[Work item]:
Give back exactly the lines from the beginning of the listing below to the line holding "Robert Clergerie Women", both ends included; the pictures stay out.

[Data section]:
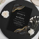 Elegant black and gold foil wedding invitation featuring elegant typography design and marble background. Personalise with all of your details for a custom wedding invitation.
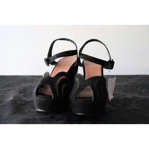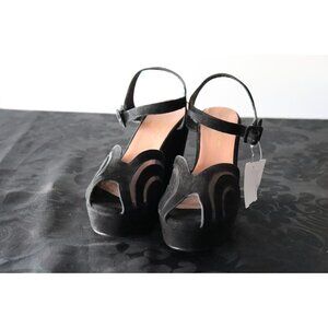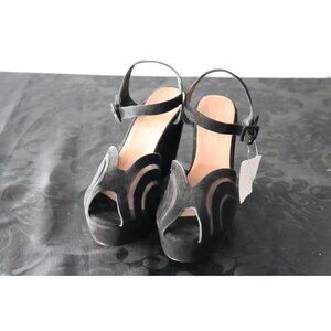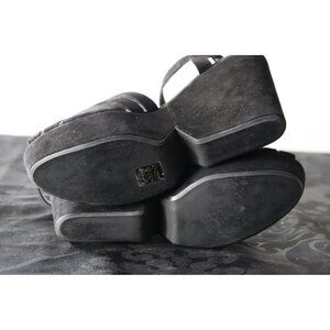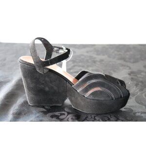 Robert Clergerie Women Size 11 Black Platform Sandals Open Toe Wedge Suede Pumps
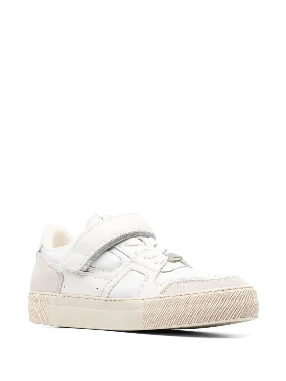 Белый, телячья кожа, вставки, закругленный носок, перфорированный носок, нашивка с логотипом на язычке, шнуровка спереди, задник с логотипом и плоская резиновая подошва.
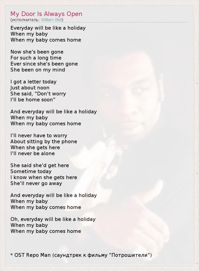 Everyday will be like a holiday When my baby When my baby comes home Now she's been gone For such a long time Ever since she's been gone She been on my mind I got a letter today Just about noon She said, "Don't worry I'll be home soon" And everyday will be like a holiday When my baby When my baby comes home I'll never have to worry About sitting by the phone When she gets here I'll never be alone She said she'd get here Sometime today I know when she gets here She'll never go away And everyday will be like a holiday When my baby When my baby comes home Oh, everyday will be like a holiday When my baby When my baby comes home * OST Repo Man (саундтрек к фильму "Потрошители")

[Task response]:
 Elegant black and gold foil wedding invitation featuring elegant typography design and marble background. Personalise with all of your details for a custom wedding invitation.
 Robert Clergerie Women Size 11 Black Platform Sandals Open Toe Wedge Suede Pumps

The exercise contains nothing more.